Лавочник долго вертел меня в руках, приценивался, сомневался. А потом пришёл ОН.
Писатель.
Я узнал его сразу. Не лицо — душу. В ней было столько же одиночества, сколько во мне. Столько же вопросов без ответов. Столько же желания просто быть услышанным.
Он купил меня за несколько медяков, сунул в карман и унёс в свою мансарду.
С тех пор мы коротали вечера у камина. Он садился в кресло, ставил меня на стол, зажигал свечу и смотрел. А я шептал ему в мысли свои истории — всех, кого встречал за эти семьсот лет. Всех, кто смотрел в мои глаза и открывал мне душу. И он записывал.
А потом он ушёл.
Туда, куда уходят все. Только я не могу.
Его вещи принесли на чердак. А я упал в щель между досок.
И лежу здесь теперь.
Сколько прошло? Век? Два? Кто знает.
Слой второй.
Там, где я.
Суета сует, сказал Екклезиаст. Всё суета.
Я видел империи, которые рассыпались в пыль. Я видел людей, которые думали, что они боги, а умирали, как все. Я видел любовь, которая длилась мгновение, и ненависть, которая тянулась веками. И всё это проходило перед моими глазами — застывшими, янтарными, но такими зрячими.
Было ли всё это? Было.
И снова будет.
Потому что человек не меняется. Он так же боится одиночества, так же ищет тепла, так же смотрит в глаза маленькому жуку в янтаре и надеется, что его кто-то услышит. А я слышу. Всегда.
Иногда я вспоминаю ту девочку. Анну. Ту самую, из сказки, которую все знают. Я не хочу рассказывать её историю заново — вы и так её помните. Каждый по-своему. Каждый с той болью, которая поселилась в сердце, когда вы впервые услышали эту историю в детстве.
Я просто был там. Я видел её улыбку.
И этого достаточно.
Сейчас я лежу в щели между досок старого чердака. Наверху паук плетёт свою бесконечную паутину. Пыль танцует в солнечном луче. Люди приходят и уходят, тащат старые вещи, но меня не замечают.
Я жду.
Я чувствую: скоро меня найдут. Кто-то придёт — может быть, такой же одинокий, как тот писатель. Или такой же чистый, как та девочка. Или просто любопытный. Неважно.
Важно, что я здесь.
Я есть.
Я был.
И буду.
Всегда.
Солнечный луч дополз до моей щели. Стало тепло. Паук замер в центре паутины, будто тоже ждёт.
Где-то внизу скрипнула дверь.
Кто-то поднимается по лестнице.
Слой третий.
Легенда о Гелиадах
Был у бога солнца сын. Звали его Фаэтон — «сияющий». Он рос в золотой пыли, но люди шептали: «Твой отец не бог, твоя мать — нимфа, ты никто».
И тогда мальчик пошёл к отцу — богу солнца — требовать правды.
Гелиос поклялся рекой Стикс, что выполнит любую просьбу сына. И Фаэтон попросил колесницу. Всего на один день. Прокатиться по небу, как бог.
Старый бог молил: «Остановись, там крутой подъём, там пропасть, там чудовища». Но гордый мальчик не слушал. Он вскочил на колесницу, и огненные кони понесли. Понесли так, что земля обожглась, реки вскипели, моря застонали.
Зевс бросил молнию. Фаэтон упал. Тело его поглотила река Эридан. Душа ушла в тень, а свет его имени остался только в памяти.

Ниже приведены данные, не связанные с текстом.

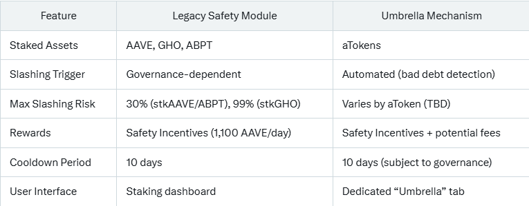 Ini akan meningkatkan keamanan protokol, efisiensi modal, dan pengalaman pengguna. Umbrella beralih ke staking aTokens, token penerimaan Aave yang mewakili aset yang disuplai dalam pool likuiditas. Ini berbeda dengan Safety Module sebelumnya, yang memungkinkan staking AAVE, GHO, dan AAVE/WETH Balancer Pool Tokens (ABPT).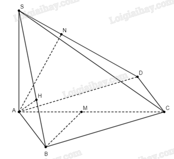 e) Lấy điểm \(D \in \left( {ABC} \right)\) sao cho \(ABCD\) là hình bình hành. Gọi \(N\) là hình chiếu của \(A\) trên \(SD\). Ta chứng minh \(AN \bot \left( {SCD} \right)\). Do \(AB\parallel CD\) nên \(AB\parallel \left( {SCD} \right)\). Mà \(SC \in \left( {SCD} \right)\) nên khoảng cách giữa \(AB\) và \(SC\) chính là khoảng cách giữa \(AB\) và \(\left( {SCD} \right)\)

И тогда на берег пришли три сестры. Гелиады. Девушки с длинными волосами и пустыми глазами. Они сели на камни и заплакали. Они плакали день. Плакали неделю. Плакали, пока их ноги не стали корнями, руки — ветвями, а лица скрылись под корой. Боги превратили их в тополя.

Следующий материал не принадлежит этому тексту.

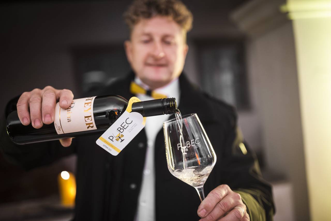 Mlada vina Pubec prepoznamo tudi po tem, da vrat steklenice krasi značilna obešanka z znanim rumenim metuljčkom.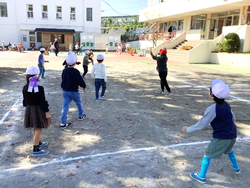 その後は、秋の歌を歌ったり、園庭で一緒に遊んだりしました。野毛山幼稚園には遊び場や楽しい遊具がたくさんあり、1年生と園児でなかよく遊びました。

Но даже став деревьями, они продолжали плакать. Их слёзы падали в реку, застывали и становились янтарём. Прозрачным, как небо, в котором погиб брат. Тёплым, как его улыбка.

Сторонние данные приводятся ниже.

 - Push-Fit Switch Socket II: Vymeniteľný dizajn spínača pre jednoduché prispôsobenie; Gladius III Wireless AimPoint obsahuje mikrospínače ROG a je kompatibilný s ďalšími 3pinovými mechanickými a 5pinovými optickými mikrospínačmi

Говорят, если приложить такой камень к уху, можно услышать шёпот: «Мы бы так любили тебя, брат».
Вот такую легенду о янтаре рассказал мне Соломон, когда я нашёл его на пыльном чердаке в доме моей бабушки.
Может, и вправду этот янтарь — одна из тех слезинок?
А может, это сам мир плачет от собственного несовершенства?
Соломон впитал сотни жизней. И каждую историю, каждую боль, каждую надежду он хранит в себе. Он — живая память мира, запертая в прозрачной тюрьме.
Дар ли это? Или проклятье?
Соломон думал семьсот лет. Не нашёл ответа.
Теперь и я думаю. И тоже не нахожу ответа.